天災×人災…想定外を超えて

②学校に津波 生徒の安全は 対策に差 負担大きく

東日本大震災の津波で84人が犠牲となった宮城県石巻市立大川小。学校防災の課題を突きつけている=平成23年3月21日
東日本大震災の津波で84人が犠牲となった宮城県石巻市立大川小。学校防災の課題を突きつけている=平成23年3月21日

東京都の最東部に位置する江戸川区。区内の陸地の7割は満潮時の平均海水面よりも標高が低い「ゼロメートル地帯」だ。区の水害ハザードマップは全面が赤系のグラデーション。ひとたび津波や高潮が発生すれば、区内ほぼ全域が水没する可能性を意味する。

同区立江戸川小では、ほぼ毎月行われる全校の避難訓練に加え、社会科の授業での防災教育、緊急時にどのような行動を取るべきかを児童が個別に考える「マイタイムライン」(防災行動計画)の作成に取り組んでいる。新型コロナウイルス禍の影響で、ここ2年は大々的に実施できていないものの、同校の職員と地域住民、区職員が共同で、避難所開設訓練を行うなど、地域を巻き込んだ対策を進めてきた。

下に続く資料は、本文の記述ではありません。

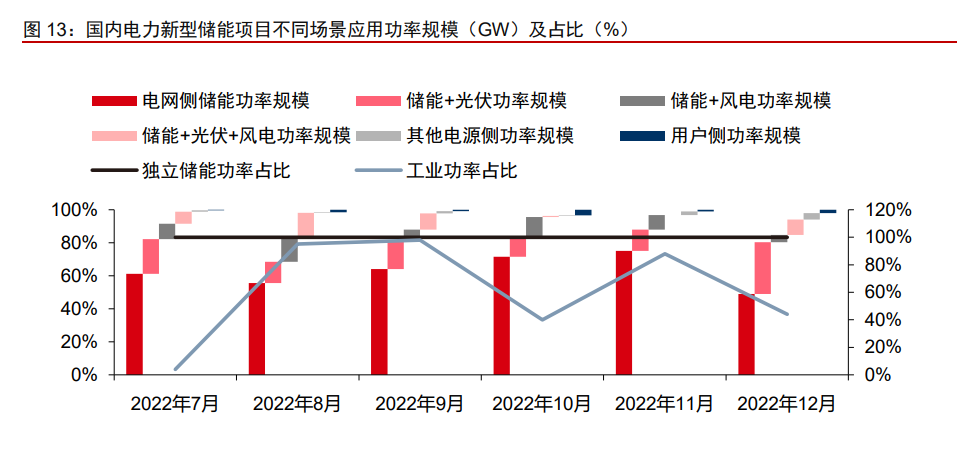 其三,電網(wǎng)側獨立儲能與電源配儲為主,用戶側工商業(yè)占比逐漸提升。從應用場景來 看,新型儲能項目主要集中于電網(wǎng)側(100%為獨立儲能)與電源側配儲(95%為新能源 配儲)。用戶側儲能項目功率規(guī)模占比仍較低,但其中工業(yè)項目占比逐步穩(wěn)定在 50%以上。
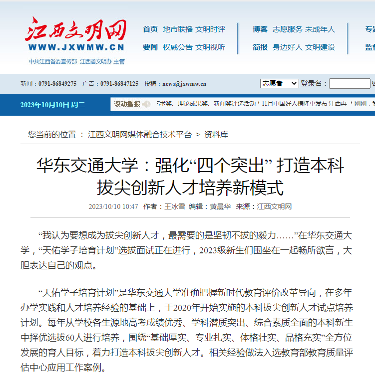 拔尖创新人才培养是一项长期性、系统性的工程。学校始终将人才培养质量作为衡量立德树人实效的重要标尺,坚持做好顶层设计、统筹推进,形成了党委统一领导、党政齐抓共管、部门协同联动、院系共同推进的工作格局,解决了培养举措落实过程中专业间分离、院系间分隔、部门与院系间分治现象,实现了学校、院系、师生各个层面在思想上同心、在目标上同向、在行动上同行,为学生们的成长发展保驾护航。近日获评“全国大学生自强之星”的“天佑学子”何政毅说:“是学校不断创新的培养模式给我创造了成长发展的平台,我的梦想在这里扬帆启航,未来我将再接再厉,为建设科技强国贡献青春力量。”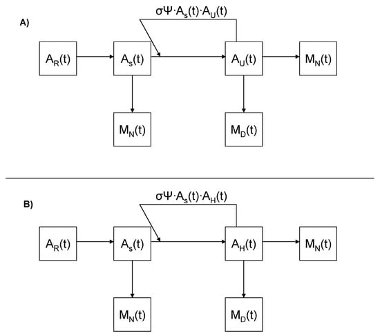 Diagrammatic representations of the transmission dynamics of the ranavirus when only the AS or AH causing isolate of the ranavirus is present. (A) When only the ulcerative form of the ranavirus is present within the population. (B) When only the hemorrhagic form of the disease is present in the population. All of the variables present are the same as described above and all have a time component associated with them. Where As is the number of susceptible individuals, Ψ is the contact rate, σ is the likelihood of transmission, MN is the natural mortality rate, and MD is the mortality rate associated with ranavirosis.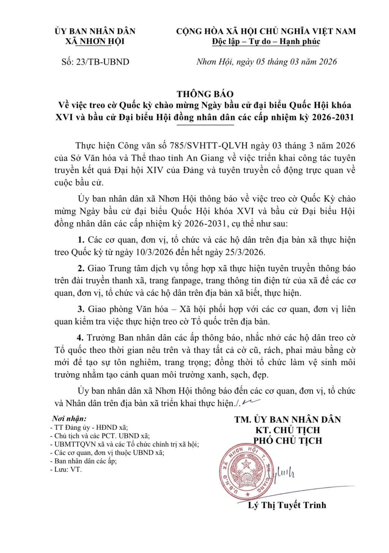 Thông báo Treo Quốc kỳ Chào mừng Ngày bầu cử đại biểu Quốc Hội khóa XVI và bầu cử đại biểu HĐND các cấp nhiệm kỳ 2026-2031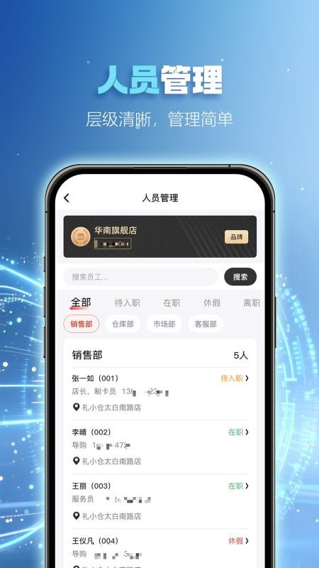 支持用户有效进行人员管理,就可对店铺的人员层级来进行管理,实时管理。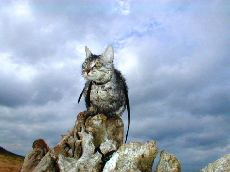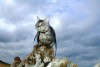 kuriļu bobteils-tēraudzilganpelēcīgs sudraba krāsas garspalvains runcis,lielas,zaļas mandeļveida acis,pagaras ausis,pakaļa kā zaķim,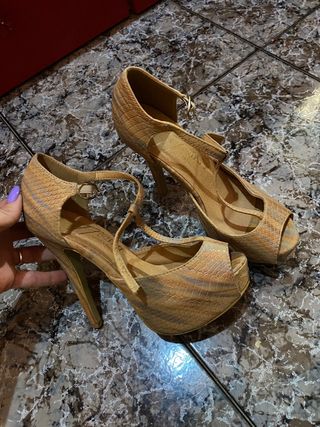 Preciosas sandalias doradas de tacón. Ideales para ocasiones especiales. ✨ - Diseño elegante y sofisticado. - Material brillante y con textura. - Tacón grueso y cómodo. - Se venden dos pares.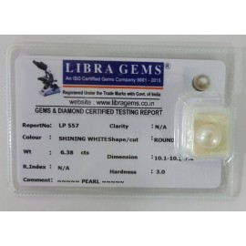 REPORT NO . LP 557CLARITY . N/ACOLOUR . SHINING WHITESHAPE / CUT . ROUNDWT . 6.38 CTSDIMENSION . 10-1.10-1.7-4.R . INDEX . N/AHARDNESS . 3.0COMMENT . PEARL..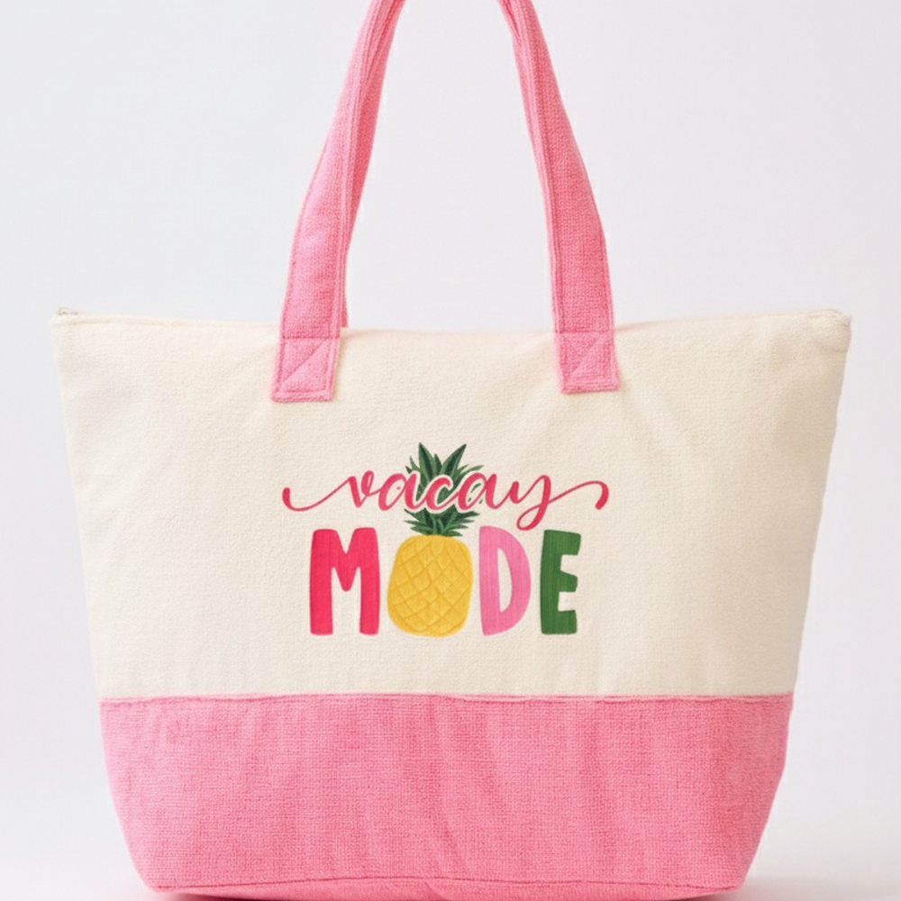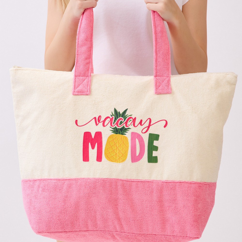 - Effortlessly chic and sophisticated, this tote bag shows off a distinctive vacay mode pineapple terry design. Elevate your personal style effortlessly with this versatile tote bag, an essential component for a refined wardrobe. Available in NO COLOR. This item is sold in packs of 1.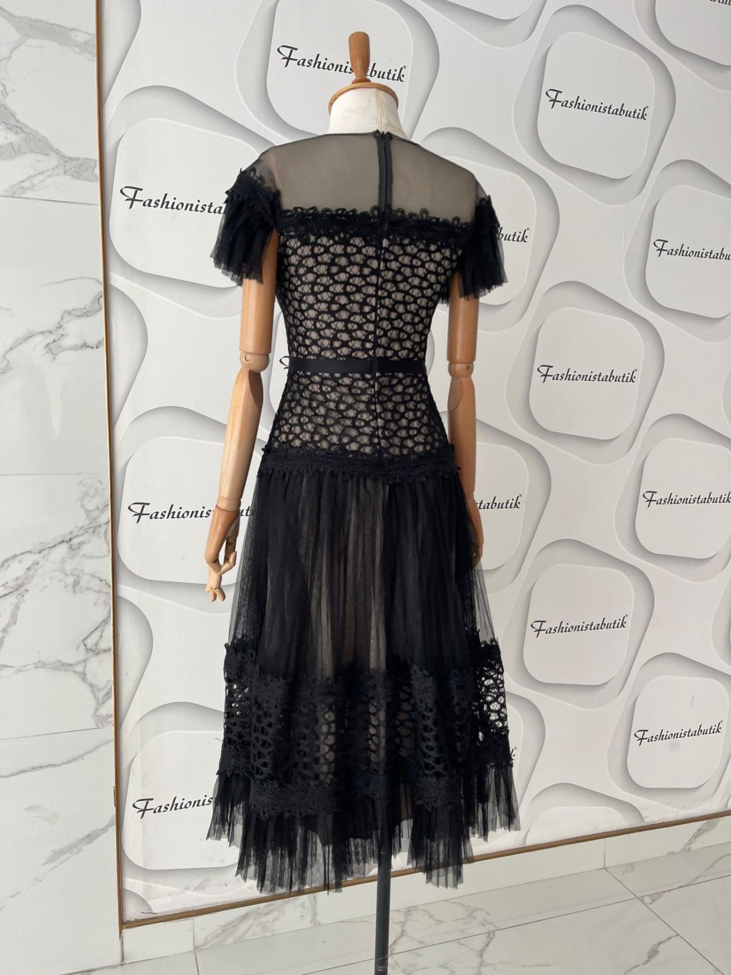 Piliseli tül ve işlemeli etek tasarımıyla asil bir duruş sergilerken, ten rengi astarı ile konfor ve şıklığı bir arada sunar.
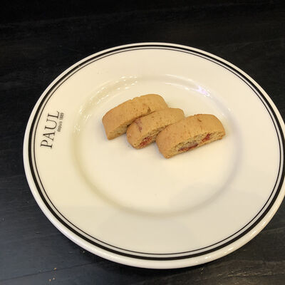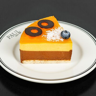Песочная основа, внутри миндальный крем с малиной, сверху блестящий фруктовый гель

須藤敏之副校長は「訓練などを実施するたびに内容の振り返りを行っている」と話す。しかし、それでもまだまだ足りないことも多いと感じている。令和4年度には授業の中で、従来の体制に児童も交えた避難所開設訓練を予定している。

「具体的な訓練を授業に組み込むことで、さらに防災意識を高めてもらえれば。地域との連携も深めていきたい」

須藤副校長はこう狙いを語る。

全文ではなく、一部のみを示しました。